Wells’ critique was, as might be expected from a veteran food critic, nuanced and substantive, and Choi’s response, posted on Instagram, came in kind.

“I know many of you want me to respond or snap back at him but the situation to me is much more than that. I welcome Pete’s review,” he wrote. “It tells me a lot more about the path. I don’t know Pete but he is now inextricably linked to Locol forever.”

It’s not that Choi wasn’t stung.

“He didn’t need to go there but he did. That’s why he’s a part of Locol,” Choi wrote. “The power of this change and this nerve that it hits. It compelled him to write something he knows would hurt a community that is already born from a lot of pain and struggle. Crazy, right? But I see it as a piece to this whole puzzle.”

Ferro, Beutner Weigh in on Journalism

The Poynter Institute recently rounded up a number of leading journalism figures and asked them what they thought the biggest unknowns were for the media in the coming year. Among the luminaries they asked were Michael Ferro, chairman of Los Angeles Times owner tronc Inc., and the publisher he booted, Austin Beutner.

The two, as might have been expected, took very different approaches.

Ferro asked when social media companies would “drop the word social and acknowledge officially they are media companies with the same editorial and ethical responsibility to provide real journalistic content to the communities they serve.”

Which can prompt the question: Is it a two-way street? In his world, are the lines between the old idea of a “media company” and the new one completely blurred? If so, what does that bode for venerable institutions like the Times?
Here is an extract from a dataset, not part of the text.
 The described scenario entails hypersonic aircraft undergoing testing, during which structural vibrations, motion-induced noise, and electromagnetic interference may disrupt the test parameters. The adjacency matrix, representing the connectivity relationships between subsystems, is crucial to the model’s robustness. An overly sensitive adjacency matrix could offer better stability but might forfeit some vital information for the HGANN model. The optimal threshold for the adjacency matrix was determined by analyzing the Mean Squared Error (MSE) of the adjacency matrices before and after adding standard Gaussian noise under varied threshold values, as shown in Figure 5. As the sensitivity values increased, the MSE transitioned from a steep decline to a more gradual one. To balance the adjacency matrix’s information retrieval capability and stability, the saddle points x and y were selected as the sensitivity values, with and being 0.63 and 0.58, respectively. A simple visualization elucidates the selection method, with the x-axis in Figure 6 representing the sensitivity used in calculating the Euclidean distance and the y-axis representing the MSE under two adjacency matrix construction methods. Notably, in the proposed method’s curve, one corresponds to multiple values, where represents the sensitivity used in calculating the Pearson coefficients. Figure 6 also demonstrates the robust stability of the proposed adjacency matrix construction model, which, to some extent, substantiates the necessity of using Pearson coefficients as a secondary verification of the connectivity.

Beutner, a former investment banker, looked more to the challenges of the bottom line, asking how news organizations could grab online revenue as Google and Facebook come to dominate that ad space.

“There’s money in clicks but not enough to support a journalism enterprise,” he said.

The Quotable Munger

Though Warren Buffett gets the lion’s share of the headlines and popular acclaim, his longtime partner at Berkshire Hathaway, Vice Chairman Charlie Munger, has long been seen as an investing oracle in his own right.

Munger might now be getting his due outside investing circles.

Scribner last week published “The Tao of Charlie Munger,” a collection of quotes compiled by David Clark, who has penned similar titles about Buffett.

In promotion for the book, Buffett is quoted as saying, “Berkshire has been built to Charlie’s blueprint. My role has been that of general contractor.”

Among the Munger pearls in the compendium are: “Knowing what you don’t know is more useful than being brilliant,” and “In my whole life, I have known no wise people who didn’t read all the time – none, zero.”

Tisch Not Fuming

Having clinched a playoff spot, some players on the New York Giants took a little R&R in Miami and made some headlines that would have given most business owners headaches.

Not Steve Tisch.

After a handful of players, including wide receivers Odell Beckham Jr. and Victor Cruz, were seen in an image posted on social media holding what looked like marijuana paraphernalia, the team’s co-owner and Beverly Hills resident was asked by TMZ whether he was bothered by the behavior.

“You know what bothered me?” Tisch asked. “That I wasn’t invited.”

Spiegel Down Under

Evan Spiegel picked a good week to be out of town.

The Snap Inc. chief executive and co-founder spent the holidays in the Australian summer, attending the wedding of fiancée Miranda Kerr’s brother, Matt. The trip came as Snap was hit by a suit from a former employee. (See page 10.)